# Experiment tracking with LightGBM[¶](https://developer.dataiku.com/latest/tutorials/machine-learning/experiment-tracking/lightgbm/index.html#experiment-tracking-with-lightgbm "Permalink to this heading")

In this tutorial you will train a model using the LightGBM framework and use the experiment tracking capabilities of Dataiku to log training runs (parameters, performance).

Pre-requisites

* Dataiku DSS 11.0.0 or higher

* Access to a Project with a Dataset that contains the UCI Bank Marketing data

* A code environment containing the `mlflow` and `lightgbm` packages

The following code snippet provides a reusable example to train a simple gradient boosting model with these main steps:

**(1)** Specify the categorical and numeric features and the target variable.

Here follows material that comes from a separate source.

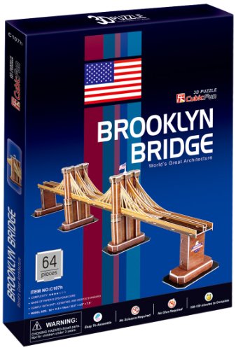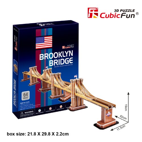 -. Author : Varios -. Binding : Toy -. Brand : CubicFun -. EAN : 6944588201074 -. Feature : Brooklyn Bridge New York 3D Puzzle - 64 pcs. / World's Great Architectural 3D Puzzles / Made of Paper and Polystyrene Foam Board. / Nice Decor, Gift and Souvenir for Kids, Children / 82cm x 11.5cm x 19cm / 32.3" x 4.5" x 7.5" -. Genre : 3d -. IsAdultProduct : 0 -. Label : Daiko -. Manufacturer : Daiko -. Model : C107h -. MPN : C107h -. PackageQuantity : 1 -. PartNumber : C107h -. ProductGroup : Toy -. ProductTypeName : TOYS_AND_GAMES -. PublicationDate : 2013 -. Publisher : Daiko -. Studio : Daiko -. Title : Brooklyn Bridge New York Worlds Great Architecture Series 3D Puzzle NYC Souvenir for Kids Children - 64 pcs

**(2)** Using the categorical and continuous variables spcecified, set up a preprocessing `Pipeline` with two transformation steps. First, define a transformer to one-hot-encode categorical variables and then impute any missing values in continuous variables and rescale them in the other.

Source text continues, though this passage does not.